Ainsi, une étude menée en 2016 à la demande de l’Observatoire Régional de la Santé - Pays de la Loire, montre que sur le plan national :

- 57% des médecins généralistes « disent voir au moins une fois par semaine des patientes pour un motif gynécologique ». Et parmi ces consultations, dans 52% des cas le motif est « l’instauration ou le suivi d’une méthode contraceptive, hors urgence ».

- 56% des médecins généralistes partagent l’idée que réaliser des suivis gynécologiques fait partie de leur mission (81).

En janvier 2018, selon un sondage réalisé par l'Union Régionale des Médecins Libéraux (URML) de Normandie, près de 90% des médecins généralistes assurent « tout ou partie du suivi gynécologique » de leurs patientes et sont « très attachés » à ce volet de leur activité (85).

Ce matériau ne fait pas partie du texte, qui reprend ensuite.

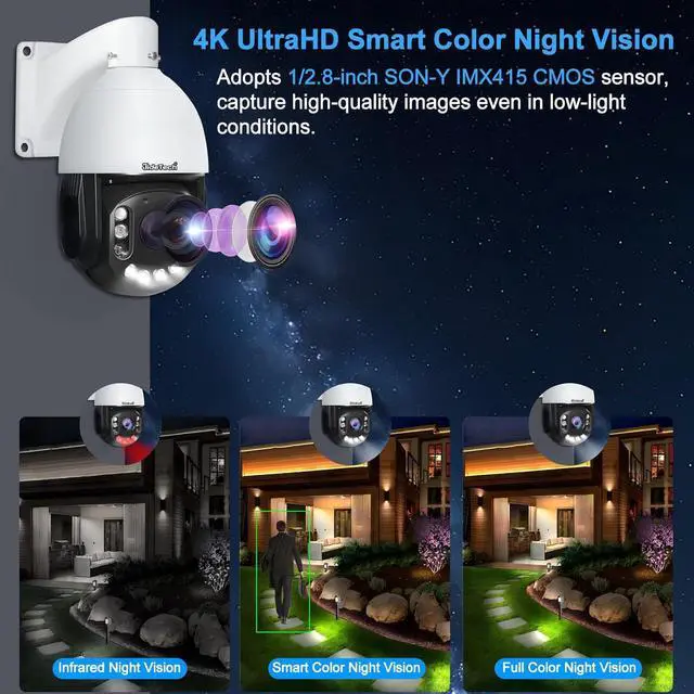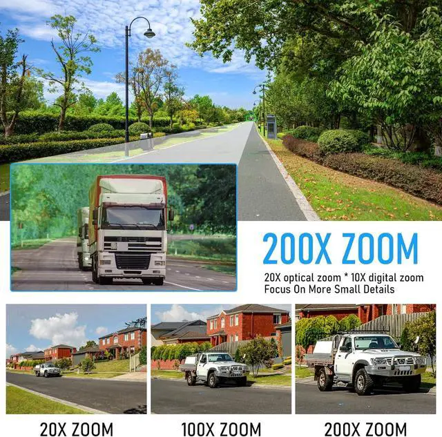 This outdoor ptz poe camera wired delivers 4K 8MP ultra-high-definition imaging, capturing every detail with precision. Equipped with a 1/2.8-inch IMX415 CMOS sensor and a motorized zoom lens (4.7-84.6mm), it achieves 20x optical zoom and 10x digital zoom without compromising image quality. It supports remote viewing of vehicle license plates, making it ideal for large-scale locations such as parking lots, supermarkets, gardens, and roadside areas.

Une juste mesure semble nécessaire à trouver. Le manque de données homogènes sur ce sujet reflète avant tout une pratique très médecin-dépendant peu propice à la généralisation sur le sujet. A contrario, un manque d’intérêt pour la discipline peut également expliquer l’absence de pratique de la gynécologie dans un cabinet de médecine générale. Deux médecins de l’échantillon déclarent avoir un manque d’intérêt pour la discipline. Comme l’évoque la littérature, ce manque d’intérêt pour la discipline entraine nécessairement un manque d’appétence pour la formation gynécologique (86).

Cette prise en charge hétérogène de la gynécologie par les généralistes s’avère être une source de confusion auprès des patientes. Peu sont informées de la possibilité d’effectuer leur suivi gynécologique « classique » avec un généraliste.